Многочисленные советники с подачи короля Максимилиана склоняли моего мужа к союзу с Валуа, а вовсе не с нами, кастильцами. В борьбе за его сердце у меня оказались слишком сильные противники.

С тех пор как мы с Филиппом поселились в Брюсселе, я почти не видела соотечественников. В первую счастливую пору супружеской любви Филипп легко усмирял мои робкие мятежи при помощи лести и подарков. По вечерам мы вдвоем отправлялись на дальние прогулки. Мы часами гуляли по узким улочкам окрестных селений, заглядывали в лавки, словно обычные горожане. Филипп обожал целовать меня прямо на глазах у смущенных прохожих. Взявшись за руки, мы заходили в кузницы, где ковали мечи, и в мастерские, в которых вышивали гобелены. Хозяева угощали нас вином и рассказывали о своей нехитрой жизни. Так мы хотя бы ненадолго забывали о политике и дворцовых интригах. Когда влюбленные смотрят в глаза друг другу, остальной мир перестает существовать.
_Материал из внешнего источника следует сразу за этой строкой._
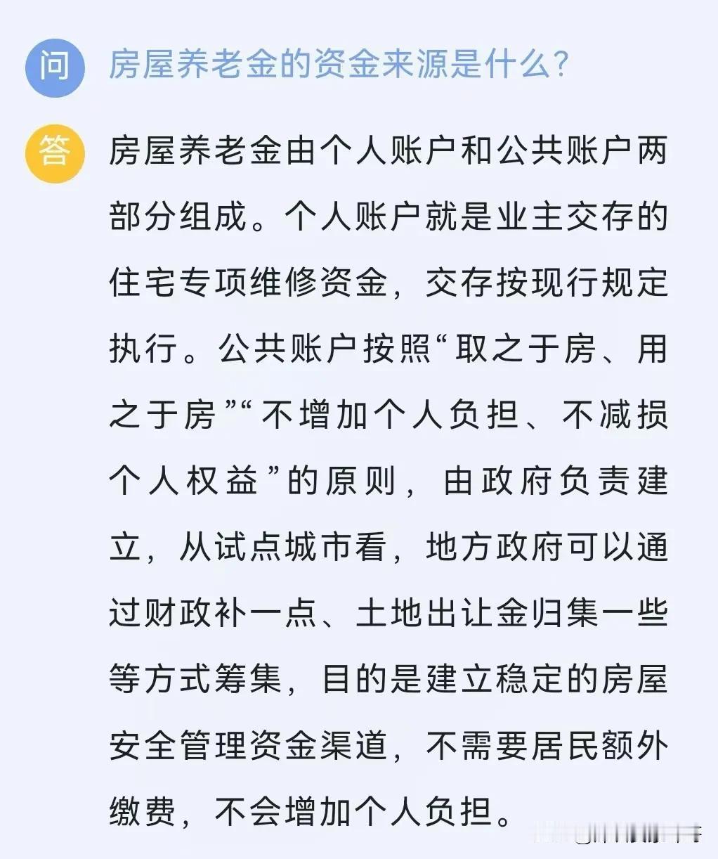 但我想说房屋养老金的公共账户建立,对现老破旧小区肯定公立马增加保障和改善,对所有新建的高层住宅长期持有也增加了可期待的保障,毕竟这个资金问题不解决会造成房屋老化维修无兜底,待房龄满三十年后尤其超高层电梯住宅会失去流通价值而贬值,正府还要考虑安全事故这是很现实问题,其实真正可落地对房地产是利好尤其是老破旧小区

Пора безмятежного счастья оказалась недолгой. Пришло известие о смерти моего брата. Хуан скончался внезапно. Они с Маргаритой полюбили друг друга с первого взгляда. На беду, Хуан не отличался крепким здоровьем, и страсть австриячки спалила его, словно свечку. Так, по крайней мере, гласила молва. Принц едва успел привезти молодую жену в Саламанку и свалился в тяжелейшей лихорадке. Через полгода после собственной свадьбы, шестого октября тысяча четыреста девяносто седьмого года, мой несчастный брат умер на руках у отца.

Никто не ждал такой беды, беременная Маргарита почернела от отчаяния. Меня смерть брата пробрала до костей. Стоял неяркий осенний день, какие часто выдаются в Брюсселе. Именно тогда я впервые осознала, что Филипп отобрал у меня все, что я прежде любила. А ведь я сама позволила ему удалить испанцев, и теперь мне было не с кем оплакать брата.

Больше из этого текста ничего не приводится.